### Task to complete
With the line containing "Des momies, que" as the start and the line containing "Billede 2: Placering" as the end, transcribe that span of the entries below exactly, including both.

### Data under study
========================

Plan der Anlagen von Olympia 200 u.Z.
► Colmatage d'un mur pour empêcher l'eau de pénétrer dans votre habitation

========================

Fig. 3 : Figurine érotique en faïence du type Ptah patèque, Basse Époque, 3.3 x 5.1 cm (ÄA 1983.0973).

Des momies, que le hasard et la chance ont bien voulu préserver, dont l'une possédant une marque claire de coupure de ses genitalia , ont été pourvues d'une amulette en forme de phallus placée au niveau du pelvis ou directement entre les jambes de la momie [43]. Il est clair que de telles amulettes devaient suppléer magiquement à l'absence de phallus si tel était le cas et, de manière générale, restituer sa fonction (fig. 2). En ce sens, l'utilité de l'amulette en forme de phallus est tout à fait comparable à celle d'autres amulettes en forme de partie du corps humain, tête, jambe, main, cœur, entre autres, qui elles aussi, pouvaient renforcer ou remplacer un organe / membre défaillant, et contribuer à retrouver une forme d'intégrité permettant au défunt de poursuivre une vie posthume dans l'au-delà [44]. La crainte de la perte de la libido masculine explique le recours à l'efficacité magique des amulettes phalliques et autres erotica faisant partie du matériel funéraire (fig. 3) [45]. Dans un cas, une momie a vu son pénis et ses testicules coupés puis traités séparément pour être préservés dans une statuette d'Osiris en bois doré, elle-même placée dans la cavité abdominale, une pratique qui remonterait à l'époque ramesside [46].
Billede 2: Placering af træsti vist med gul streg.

========================

### Task solution
Des momies, que le hasard et la chance ont bien voulu préserver, dont l'une possédant une marque claire de coupure de ses genitalia , ont été pourvues d'une amulette en forme de phallus placée au niveau du pelvis ou directement entre les jambes de la momie [43]. Il est clair que de telles amulettes devaient suppléer magiquement à l'absence de phallus si tel était le cas et, de manière générale, restituer sa fonction (fig. 2). En ce sens, l'utilité de l'amulette en forme de phallus est tout à fait comparable à celle d'autres amulettes en forme de partie du corps humain, tête, jambe, main, cœur, entre autres, qui elles aussi, pouvaient renforcer ou remplacer un organe / membre défaillant, et contribuer à retrouver une forme d'intégrité permettant au défunt de poursuivre une vie posthume dans l'au-delà [44]. La crainte de la perte de la libido masculine explique le recours à l'efficacité magique des amulettes phalliques et autres erotica faisant partie du matériel funéraire (fig. 3) [45]. Dans un cas, une momie a vu son pénis et ses testicules coupés puis traités séparément pour être préservés dans une statuette d'Osiris en bois doré, elle-même placée dans la cavité abdominale, une pratique qui remonterait à l'époque ramesside [46].
Billede 2: Placering af træsti vist med gul streg.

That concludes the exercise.